How Do You Integrate Functions Involving Powers and Trigonometric Terms?

[Blade]

INT x^(1/3) / x^(1/3) -1 dx
u = x^(1/3)
x = u^3
dx = 3u^2du

INT (u/u-1)3u^2du = 3
INT u^3/(u-1) du
INT [u^2 + u + 1/(u-1)]du
Then just integrate each part?

-----------
Find the area of the region bounded.

y=2x - tan(0.3x), x-1, x=4, y=0
Need some guidance where to start here, and how the conditions will be used.

 

[HallsofIvy]

Looks reasonable to me!

What guidance do you need for the second problem?

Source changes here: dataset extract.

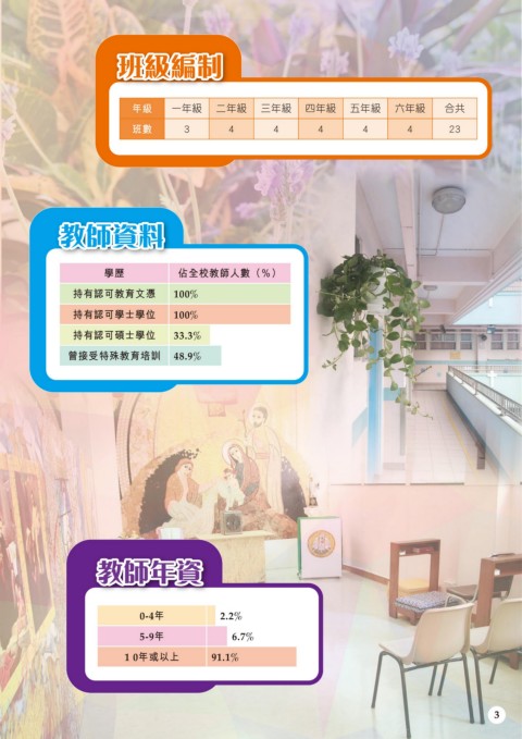 班級編制 班級編制 年級 一年級 二年級 三年級 四年級 五年級 六年級 合共 班數 3 4 4 4 4 4 23 教師資料 教師資料 學歷 佔全校教師人數(%) 持有認可教育文憑 100% 持有認可學士學位 100% 持有認可碩士學位 33.3% 曾接受特殊教育培訓 48.9% 教師年資 教師年資 0-4年 2.2% 5-9年 6.7% 1 0年或以上 91.1% 3 3

Just integrate 2x- tan(0.3x) from 1 to 4.

 

[PrudensOptimus]

Originally posted by Blade
INT x^(1/3) / x^(1/3) -1 dx
u = x^(1/3)
x = u^3
dx = 3u^2du

INT (u/u-1)3u^2du = 3
INT u^3/(u-1) du
INT [u^2 + u + 1/(u-1)]du
Then just integrate each part?

-----------
Find the area of the region bounded.

y=2x - tan(0.3x), x-1, x=4, y=0
Need some guidance where to start here, and how the conditions will be used.

I don't see any ln in the integrand.